- **ABOUT THIS EXERCISE**
Could you give the entries back exactly as they stand, minus any pictures?

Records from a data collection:
┄┄┄┄┄┄
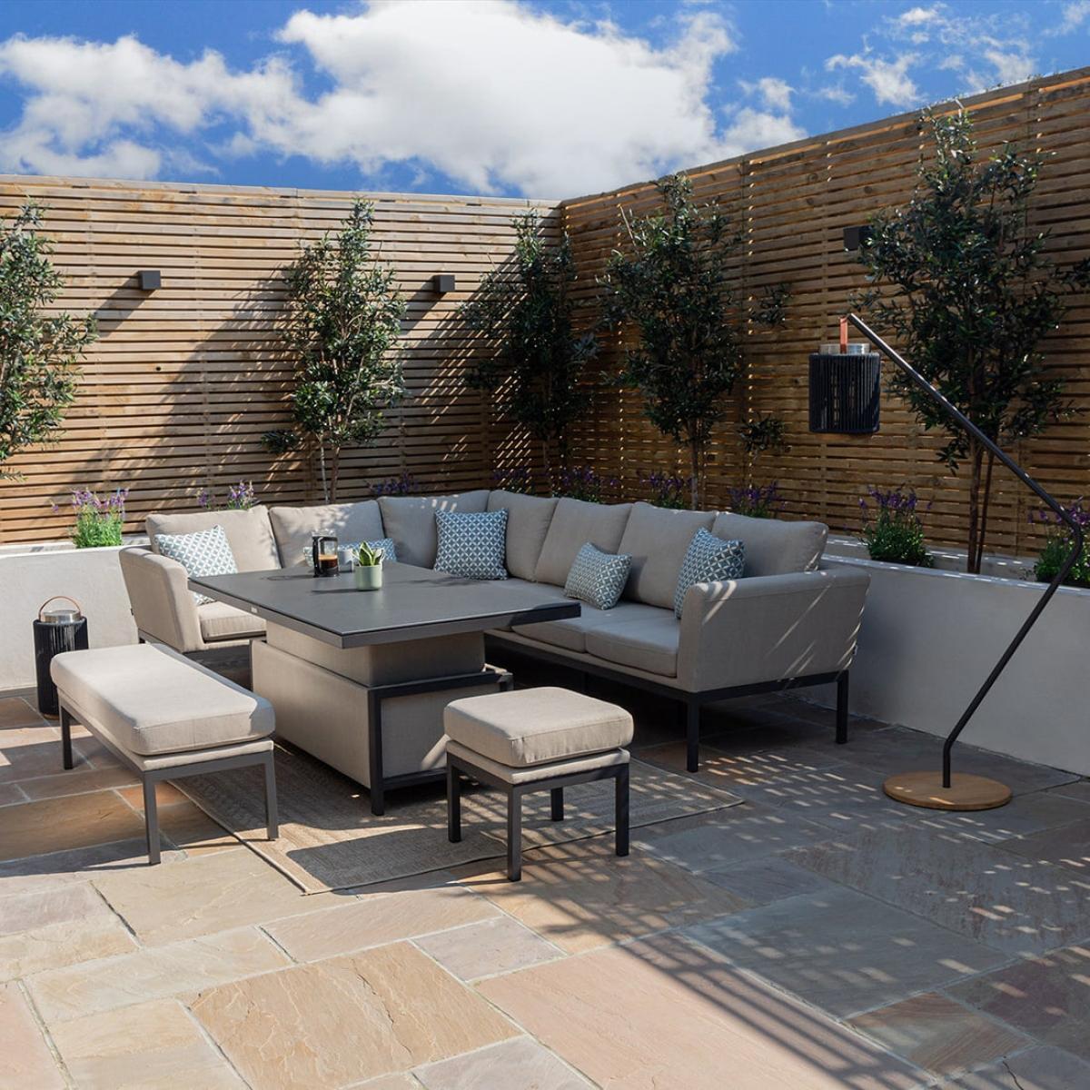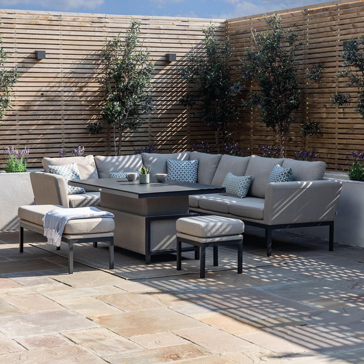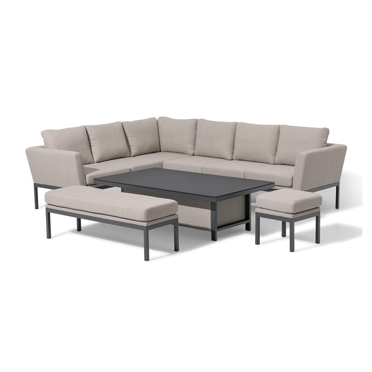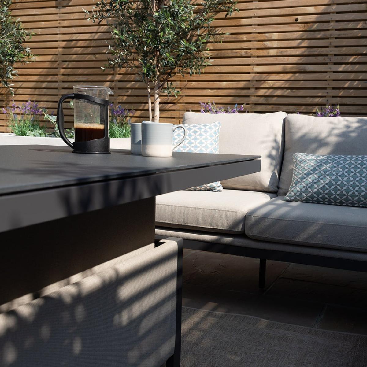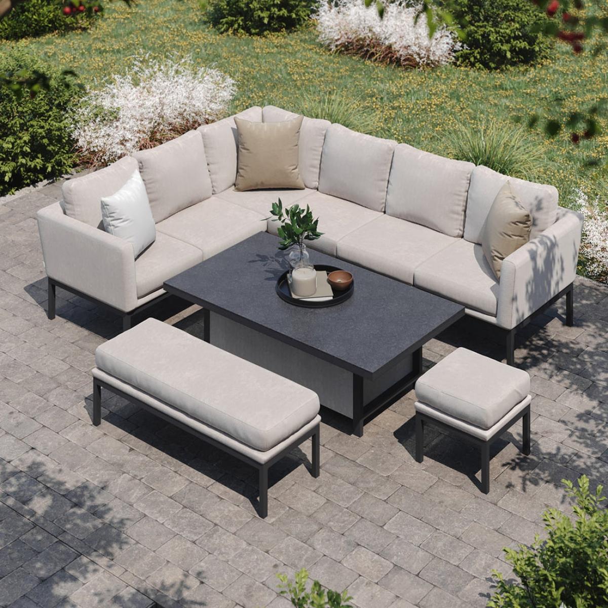 The original set which launched our popular Pulse Range, the Pulse Corner Dining carries all the traits of the more compact Pulse Sofa Set, with sumptuous back and base cushions, as well as simple yet strong legs that help create the refined, fuss-free look and feel. The set comes with the rising table feature, transfer your L shaped corner sofa from a casual dining experience into a relaxed setting. Made from high performance outdoor fabric and materials, the corner sofa is designed to be outside all year round. Prepare your garden in time for Spring with a simple jet wash and leave your set to dry in the warming sun ready for months of use during the warmer season. Dimensions: Length of Long Side: L:278cm. Length of Short Side: L:220cm3 Seat Left Hand Sofa: H:70 x W:220 x D:84cm3 Seat Right Hand Sofa: H:70 x W:196 x D:84cm. Bench: H:44 x L:130 x D:45cm. Footstool: H:44 x W:45 x D:45cm. Rising Table: H:52/68cm x L:160 x W:90cm Seat Height: 44cm. Cushion Thickness: 10cm Materials: Aluminium frame All weather Outdoor fabric cushions Assembly Required:Yes some assembly required Care Instructions:Wipe clean with a damp cloth, don't use harsh cleaners, etc
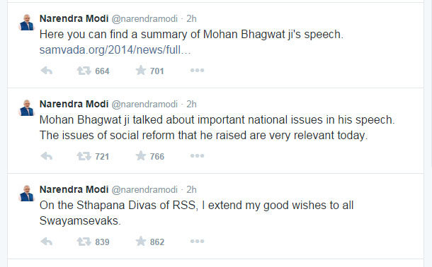 തന്റെ സർക്കാരിനെ സാക്ഷാൽ മോഹൻ ഭാഗവത് പ്രകീർത്തിക്കുന്നു. മോദിയും അതു തന്നെ തിരിച്ച് ചെയ്തു. ദേശീയ പ്രാധാന്യമുള്ള വിഷയങ്ങളാണ് മോഹൻ ഭാഗവത് വിജയദശമി ദിനത്തിൽ ഉയർത്തുന്നതെന്ന് മോദി ചൂണ്ടിക്കാട്ടുന്നു. സാമൂഹിക പരിഷ്കരണത്തിനായി ആർഎസ്എസ് തലവൻ മുന്നോട്ട് വയ്ക്കുന്ന നിർദ്ദേശങ്ങൾക്ക് വർത്തമാനകാലത്ത് പ്രസക്തി ഏറെയാണെന്നാണ് മോദിയുടെ നിലപാട്. ഭാഗവത്തിന്റേത് ഹിന്ദുത്വ അജണ്ടയാണെന്ന പ്രതിപക്ഷ ആരോപണത്തിന് ട്വിറ്ററിലൂടെയാണ് പ്രധാനമന്ത്രി മറുപടി നൽകുന്നത്. വിമർശിക്കുന്നവർക്ക് വായിക്കാനായെന്നോണം ഭാഗവത്തിന്റെ പ്രസംഗത്തിന്റെ പൂർണ്ണ രൂപം കിട്ടുന്ന ലിങ്കും മോദി ട്വിറ്ററിലിട്ടിട്ടുണ്ട്.
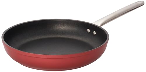 SAFLON - طاسة قلي بمقبض من الفولاذ المقاوم للصدأ بطلاء مانع للالتصاق بلون أحمر، 32 سم
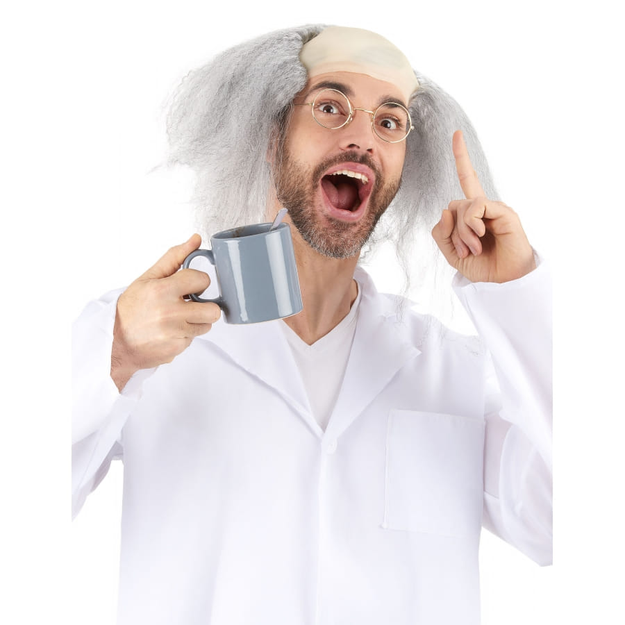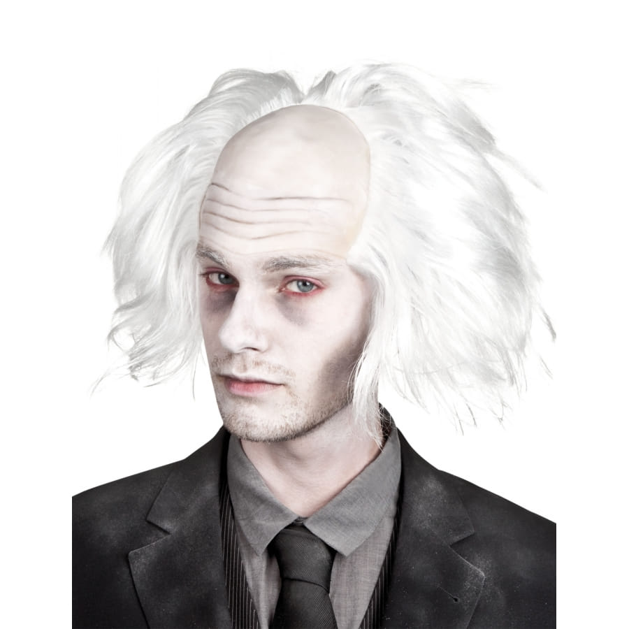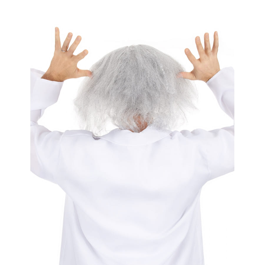 Cette perruque semi-chauve grise de fou vous mettra dans la peau d'un homme âgé comme les savants de laboratoire. Elle comprend des cheveux blancs avec des nuances de gris et d'un faux crâne en plastique rattaché à l'ensemble. Ce faux crâne donnera un front effet ridé qui accentue le côté vieux du personnage. Cet accessoire est parfait pour accompagner votre déguisement d'halloween.
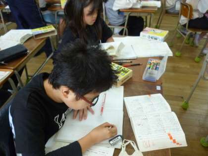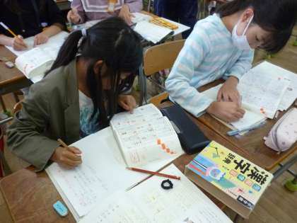 4年生は漢字の学習で漢字辞典を」使っています。辞典の使い方を教えてもらい、漢字を詳しく調べていきました。
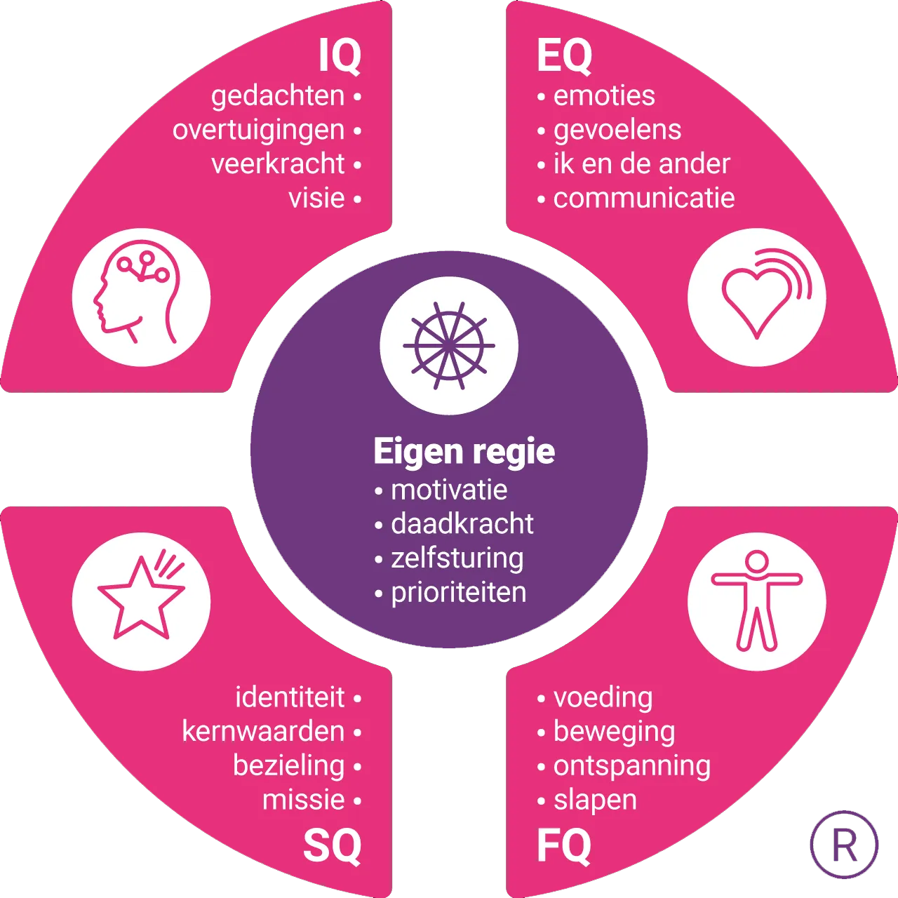 We hebben dagelijks onze gedachten (IQ) en bijbehorende emoties en gevoelens (EQ) die ervoor zorgen wat we lichamelijk (FQ) ervaren. Dit resulteert in gedrag; het ondernemen van acties met bijbehorende verantwoordelijkheden (Eigen regie). Dit alles doen we vanuit wie we zijn, waar we voor staan en wat we belangrijk vinden (SQ). De ene dimensie staat niet los van de andere, ook al heeft een dimensie meer aandacht nodig.
┄┄┄┄┄┄
- **TASK RESULT**
 The original set which launched our popular Pulse Range, the Pulse Corner Dining carries all the traits of the more compact Pulse Sofa Set, with sumptuous back and base cushions, as well as simple yet strong legs that help create the refined, fuss-free look and feel. The set comes with the rising table feature, transfer your L shaped corner sofa from a casual dining experience into a relaxed setting. Made from high performance outdoor fabric and materials, the corner sofa is designed to be outside all year round. Prepare your garden in time for Spring with a simple jet wash and leave your set to dry in the warming sun ready for months of use during the warmer season. Dimensions: Length of Long Side: L:278cm. Length of Short Side: L:220cm3 Seat Left Hand Sofa: H:70 x W:220 x D:84cm3 Seat Right Hand Sofa: H:70 x W:196 x D:84cm. Bench: H:44 x L:130 x D:45cm. Footstool: H:44 x W:45 x D:45cm. Rising Table: H:52/68cm x L:160 x W:90cm Seat Height: 44cm. Cushion Thickness: 10cm Materials: Aluminium frame All weather Outdoor fabric cushions Assembly Required:Yes some assembly required Care Instructions:Wipe clean with a damp cloth, don't use harsh cleaners, etc
 തന്റെ സർക്കാരിനെ സാക്ഷാൽ മോഹൻ ഭാഗവത് പ്രകീർത്തിക്കുന്നു. മോദിയും അതു തന്നെ തിരിച്ച് ചെയ്തു. ദേശീയ പ്രാധാന്യമുള്ള വിഷയങ്ങളാണ് മോഹൻ ഭാഗവത് വിജയദശമി ദിനത്തിൽ ഉയർത്തുന്നതെന്ന് മോദി ചൂണ്ടിക്കാട്ടുന്നു. സാമൂഹിക പരിഷ്കരണത്തിനായി ആർഎസ്എസ് തലവൻ മുന്നോട്ട് വയ്ക്കുന്ന നിർദ്ദേശങ്ങൾക്ക് വർത്തമാനകാലത്ത് പ്രസക്തി ഏറെയാണെന്നാണ് മോദിയുടെ നിലപാട്. ഭാഗവത്തിന്റേത് ഹിന്ദുത്വ അജണ്ടയാണെന്ന പ്രതിപക്ഷ ആരോപണത്തിന് ട്വിറ്ററിലൂടെയാണ് പ്രധാനമന്ത്രി മറുപടി നൽകുന്നത്. വിമർശിക്കുന്നവർക്ക് വായിക്കാനായെന്നോണം ഭാഗവത്തിന്റെ പ്രസംഗത്തിന്റെ പൂർണ്ണ രൂപം കിട്ടുന്ന ലിങ്കും മോദി ട്വിറ്ററിലിട്ടിട്ടുണ്ട്.
 SAFLON - طاسة قلي بمقبض من الفولاذ المقاوم للصدأ بطلاء مانع للالتصاق بلون أحمر، 32 سم
 Cette perruque semi-chauve grise de fou vous mettra dans la peau d'un homme âgé comme les savants de laboratoire. Elle comprend des cheveux blancs avec des nuances de gris et d'un faux crâne en plastique rattaché à l'ensemble. Ce faux crâne donnera un front effet ridé qui accentue le côté vieux du personnage. Cet accessoire est parfait pour accompagner votre déguisement d'halloween.
 4年生は漢字の学習で漢字辞典を」使っています。辞典の使い方を教えてもらい、漢字を詳しく調べていきました。
 We hebben dagelijks onze gedachten (IQ) en bijbehorende emoties en gevoelens (EQ) die ervoor zorgen wat we lichamelijk (FQ) ervaren. Dit resulteert in gedrag; het ondernemen van acties met bijbehorende verantwoordelijkheden (Eigen regie). Dit alles doen we vanuit wie we zijn, waar we voor staan en wat we belangrijk vinden (SQ). De ene dimensie staat niet los van de andere, ook al heeft een dimensie meer aandacht nodig.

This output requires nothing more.